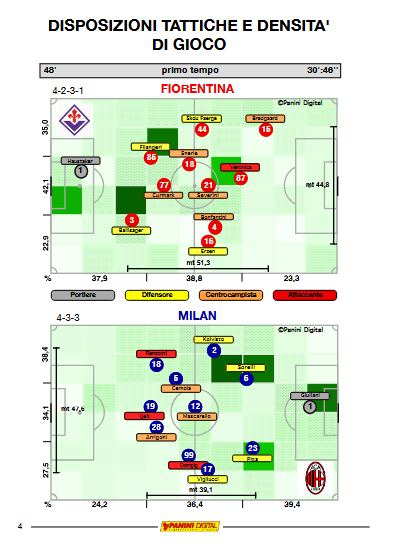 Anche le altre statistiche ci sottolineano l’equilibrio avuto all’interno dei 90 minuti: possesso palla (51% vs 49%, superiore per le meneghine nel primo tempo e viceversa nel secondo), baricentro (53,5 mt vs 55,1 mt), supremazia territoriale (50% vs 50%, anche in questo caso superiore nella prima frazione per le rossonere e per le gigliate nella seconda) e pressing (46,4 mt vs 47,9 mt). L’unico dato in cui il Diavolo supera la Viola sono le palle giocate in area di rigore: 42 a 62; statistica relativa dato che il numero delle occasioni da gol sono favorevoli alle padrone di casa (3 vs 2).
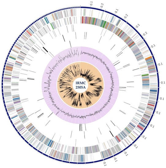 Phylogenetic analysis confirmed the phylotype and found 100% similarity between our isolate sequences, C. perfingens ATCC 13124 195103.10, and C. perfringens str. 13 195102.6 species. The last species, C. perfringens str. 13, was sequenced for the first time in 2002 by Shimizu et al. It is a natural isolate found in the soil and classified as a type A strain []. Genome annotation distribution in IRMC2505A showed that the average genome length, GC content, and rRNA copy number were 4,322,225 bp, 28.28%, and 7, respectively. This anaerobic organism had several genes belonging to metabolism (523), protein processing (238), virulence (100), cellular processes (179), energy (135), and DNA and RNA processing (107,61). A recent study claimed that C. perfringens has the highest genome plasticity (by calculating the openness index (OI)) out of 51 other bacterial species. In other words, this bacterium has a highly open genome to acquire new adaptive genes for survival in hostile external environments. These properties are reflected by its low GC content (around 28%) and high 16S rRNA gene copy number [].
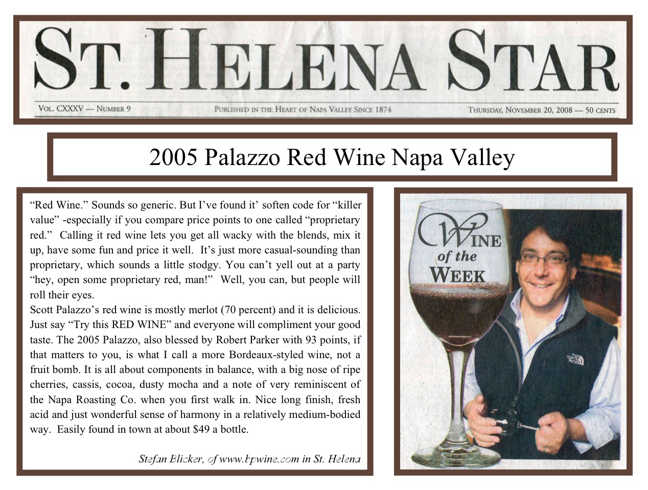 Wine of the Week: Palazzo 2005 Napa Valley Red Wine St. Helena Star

■ **EXERCISE BRIEF**: The required output is an exact copy of the lines from the one with "Phylogenetic analysis confirmed" through the final line of the data above, with pictures removed.

■ **SOLUTION FOR THIS TASK**:
 Phylogenetic analysis confirmed the phylotype and found 100% similarity between our isolate sequences, C. perfingens ATCC 13124 195103.10, and C. perfringens str. 13 195102.6 species. The last species, C. perfringens str. 13, was sequenced for the first time in 2002 by Shimizu et al. It is a natural isolate found in the soil and classified as a type A strain []. Genome annotation distribution in IRMC2505A showed that the average genome length, GC content, and rRNA copy number were 4,322,225 bp, 28.28%, and 7, respectively. This anaerobic organism had several genes belonging to metabolism (523), protein processing (238), virulence (100), cellular processes (179), energy (135), and DNA and RNA processing (107,61). A recent study claimed that C. perfringens has the highest genome plasticity (by calculating the openness index (OI)) out of 51 other bacterial species. In other words, this bacterium has a highly open genome to acquire new adaptive genes for survival in hostile external environments. These properties are reflected by its low GC content (around 28%) and high 16S rRNA gene copy number [].
 Wine of the Week: Palazzo 2005 Napa Valley Red Wine St. Helena Star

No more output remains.